Recurrent neural networks (RNNs), such as linear attention and state-space models, have gained popularity due to their constant per-token complexity when processing long contexts. However, these recurrent models struggle with tasks that require accurate recall of contextual information from long contexts, because all contextual information is compressed into a fixed-size recurrent state. Previous studies have shown that recall ability is positively correlated with the recurrent state size, yet directly training RNNs with large recurrent states results in high training costs.
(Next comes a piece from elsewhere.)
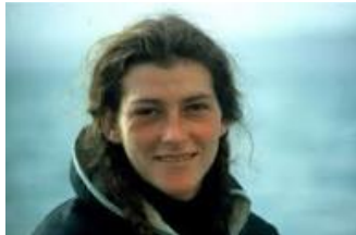
Florence Arthaud (Fra) (1957-2015), vainqueur de la Route du Rhum 1990

[ Votre Beauté , 1988, n° 614, février, p 9]

In this paper, we introduce StateX, a post-training framework that efficiently expands the states of pre-trained RNNs. For two popular classes of RNNs, linear attention and state-space models, we design post-training architectural modifications in StateX, to scale up the state size with no or negligible increase in model parameters. Experiments on models with up to 1.3B parameters demonstrate that StateX efficiently enhances the recall and in-context learning performance of RNNs without incurring high post-training costs or compromising other capabilities.
翻译:[translated abstract in Chinese]
循环神经网络(RNNs),如线性注意力机制和状态空间模型,因其在处理长上下文时具有恒定的每词元复杂度而受到广泛关注。然而,此类循环模型难以准确召回长上下文中的信息,这是因为所有上下文信息都被压缩至固定大小的循环状态中。已有研究表明,召回能力与循环状态大小呈正相关,但直接训练具有大状态容量的RNN会导致高昂的训练成本。本文提出StateX——一种高效扩展预训练RNN状态的训练后框架。针对两类主流RNN(线性注意力机制与状态空间模型),我们在StateX中设计了训练后的架构修改,使得在不增加或仅微量增加模型参数的前提下扩展状态容量。在参数规模达1.3B的模型上的实验表明,StateX能够高效提升RNN的召回能力和上下文学习性能,且不会带来高昂的训练后成本或损害其他能力。